3. Failing to act on identified red flags.The DOJ has also opined on the need for companies to act on risk factors identified during the due diligence process. In a case cited above,[6] the DOJ faulted a company for failing to follow up on what were considered obvious red flags identified when hiring a consultant in Honduras for work in the telecommunications industry.  

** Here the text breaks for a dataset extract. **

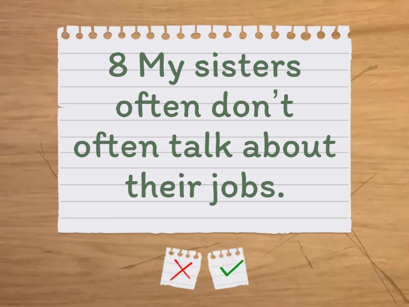1 I often sing often in the car., 2 My brother and sister often don’t often read books., 3 My friends and I usually on Saturdays go for coffee on Saturdays., 4 I don’t often don’t draw pictures., 5 My parents sometimes have sometimes dinner at my house., 6 I four times a week go to the gym four times a week., 7 My friends and I rarely go rarely to the cinema., 8 My sisters often don’t often talk about their jobs., 9 I don’t usually don’t drive to work., 10 I always am always tired in the evenings., 11 My friends every weekend play football every weekend., 12 I once a month go for a long bike ride once a month., 13 My grandparents don’t often don’t go online., 14 I don’t every evening go out every evening., 15 My friend and I once a month visit a museum once a month., 16 My sisters never cook never dinner., 17 My brothers always are always busy, 18 I watch every evening the news on TV every evening., 19 My parents always on Sundays visit us on Sundays., 20 I don’t usually at the weekends have breakfast at the weekends.,

As stated in the case, the consultant's company profile, signed by the consultant and the U.S. company's area president, listed the consultant's main business as the distribution of “fine fragrances and cosmetics in the Honduran market” and the Dun & Bradstreet report on the consultant stated that the company was “engaged in cosmetic sales, house-to-house.”  The same case further states that “there was no requirement for the provision of information regarding conflicts of interest or relationships with government officials” and that “even where the Dun & Bradstreet report disclosed problems, inconsistencies, or red flags, typically nothing was done.”

Closing thoughts

While the due diligence effort may lengthen the start-up time for a new business partner relationship, recent SEC and DOJ judgments have demonstrated that failing to do so can have considerable negative financial and operational repercussions for companies seeking to conduct business internationally.  It is far better to proceed slowly, carefully and thoroughly with any new business relationship.

 


[1] U.S. V. Alcatel-Lucent Trade Int'l, A.G.

[2] U.S. V Titan Corp.

[3] SEC V. Halliburton Company and KBR, Inc.

[4] U.S. V. Alcatel-Lucent Trade Int'l, A.G.

[5] SEC V. Halliburton Company and KBR, Inc.

[6] U.S. V. Alcatel-Lucent Trade Int'l, A.G.